While the domestic demand for textiles is high, real success for any industry is counted by the amount of its exports. Though India’s textile industry is amongst the top ten exported items of the country, to attain true global competitiveness, India needs to scale up further. Indian government has been extremely active in the last decade towards this cause. Innumerous conferences have been held across the globe with most countries with potential and agreements signed to benefit both.These agreements are helping the Indian textile players counter Bangladesh which, as a ‘least developed nation’, gets duty-free access across the globe.The major FTAs that India has signed and implemented so far include South Asia Free Trade Agreement (SAFTA), India-ASEAN Comprehensive Economic Cooperation Agreement (CECA), India-Korea Comprehensive Economic Partnership Agreement (CEPA) and India-Japan CEPA. All of these have largely boosted textile and apparel exports.However,the bilateral agreements signed with the developed world who are the major importers of textiles are scanty.

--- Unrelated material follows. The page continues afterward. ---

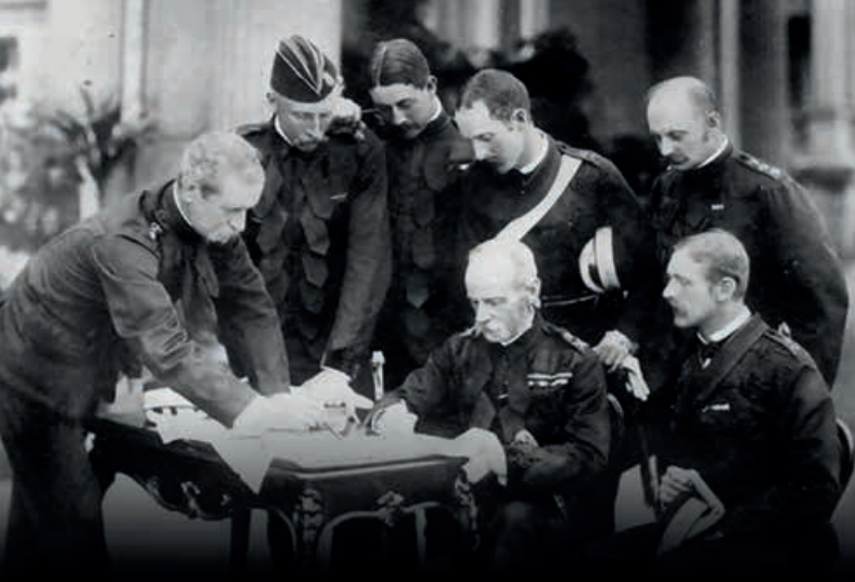
Lt Neville Chamberlain - pictured in Madras 1883 standing third from left, created the Sport of Snooker in Jubbulpore, India in 1875

The Billiards Association, Established in 1885 The Billiards Control Club, Established in 1908

Unless these figures change and the Government takes stronger steps to cementing deals with the developed nations,true boost of exports will not happen.
Apart from the major game changing policies mentioned above, there are many more policies and schemes which have been initiated and implemented towards fuelling the Indian Textile Industry. Whether it be to promote handlooms, to create more skilled labour or to provide financial aid to start-ups, there is something for everybody in India’s goody bag of policies aimed at improving production, manufacture and exports of Indian Textiles. The textiles ministry has even roped in the prestigious Indian Institutes of Technology (IIT) to address both immediate and medium term action plans for the industry in the post-Covid situation for the textiles industry.
However, what Indian companies need to remember is that while the government policies may assist them and make working easier, unless they achieve manufacturing excellence, they will not be able to scale up to true global heights. Indian textile industry hence needs to take advantage of the bed of policies and schemes and upgrade their manufacturing units at par with their competitors to attain supremacy in the Global textile Industry.